== Problem ==
Would it be possible to output exactly, and only, the lines below from the one holding "東松山の田んぼにいます。機械による田植えを見せていただいています。11:55" to the last line, both included, with every picture left out?

== Information ==
= Beginning of Section =

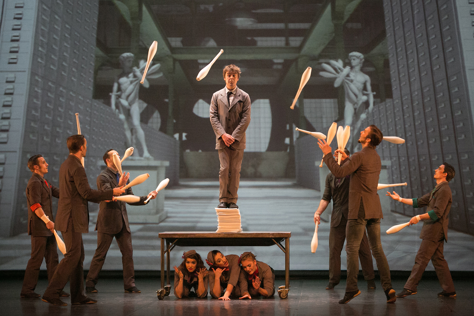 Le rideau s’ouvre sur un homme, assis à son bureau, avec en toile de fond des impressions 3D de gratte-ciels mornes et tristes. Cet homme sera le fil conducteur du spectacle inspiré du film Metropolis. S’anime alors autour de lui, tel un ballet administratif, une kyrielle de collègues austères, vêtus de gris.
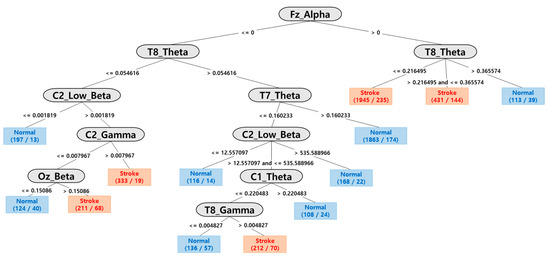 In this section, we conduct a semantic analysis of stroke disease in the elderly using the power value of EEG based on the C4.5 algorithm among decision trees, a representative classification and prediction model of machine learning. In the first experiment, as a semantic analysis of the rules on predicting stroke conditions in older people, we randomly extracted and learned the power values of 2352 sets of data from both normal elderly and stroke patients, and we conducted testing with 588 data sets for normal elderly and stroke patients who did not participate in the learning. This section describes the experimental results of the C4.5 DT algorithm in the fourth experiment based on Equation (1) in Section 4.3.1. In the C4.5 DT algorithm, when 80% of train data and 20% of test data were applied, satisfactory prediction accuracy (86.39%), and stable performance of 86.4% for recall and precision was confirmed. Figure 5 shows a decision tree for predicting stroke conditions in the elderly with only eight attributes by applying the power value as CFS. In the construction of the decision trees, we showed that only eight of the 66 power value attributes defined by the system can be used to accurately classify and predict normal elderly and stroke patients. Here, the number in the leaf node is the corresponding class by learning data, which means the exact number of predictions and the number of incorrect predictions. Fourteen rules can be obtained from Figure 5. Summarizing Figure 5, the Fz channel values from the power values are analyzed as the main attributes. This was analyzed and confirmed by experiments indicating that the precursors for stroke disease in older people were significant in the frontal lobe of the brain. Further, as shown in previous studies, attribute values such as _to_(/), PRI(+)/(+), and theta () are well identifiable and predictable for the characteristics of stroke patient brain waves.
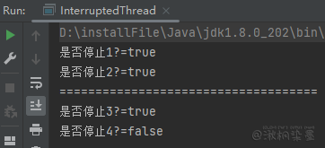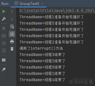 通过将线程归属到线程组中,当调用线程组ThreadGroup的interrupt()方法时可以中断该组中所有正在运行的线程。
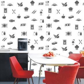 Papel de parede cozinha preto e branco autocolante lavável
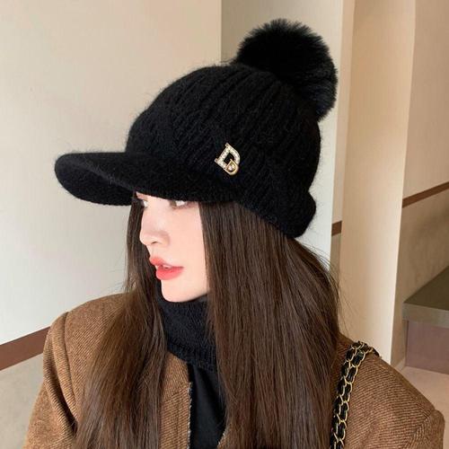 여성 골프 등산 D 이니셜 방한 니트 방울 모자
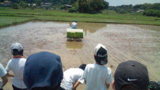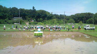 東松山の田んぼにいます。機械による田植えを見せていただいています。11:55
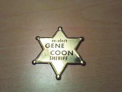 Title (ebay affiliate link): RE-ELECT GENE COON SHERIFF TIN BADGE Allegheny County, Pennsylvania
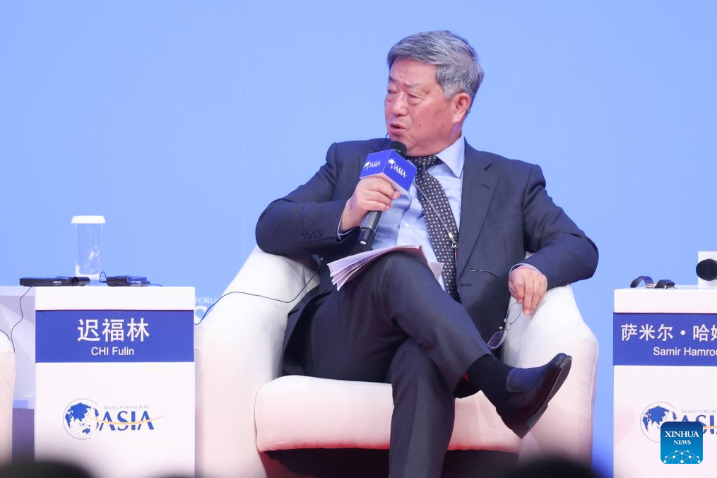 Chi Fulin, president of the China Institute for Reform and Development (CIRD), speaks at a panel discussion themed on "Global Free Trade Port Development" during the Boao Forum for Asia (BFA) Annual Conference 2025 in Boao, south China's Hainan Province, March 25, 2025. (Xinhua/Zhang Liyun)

= End of Section =

== Your solution ==
 東松山の田んぼにいます。機械による田植えを見せていただいています。11:55
 Title (ebay affiliate link): RE-ELECT GENE COON SHERIFF TIN BADGE Allegheny County, Pennsylvania
 Chi Fulin, president of the China Institute for Reform and Development (CIRD), speaks at a panel discussion themed on "Global Free Trade Port Development" during the Boao Forum for Asia (BFA) Annual Conference 2025 in Boao, south China's Hainan Province, March 25, 2025. (Xinhua/Zhang Liyun)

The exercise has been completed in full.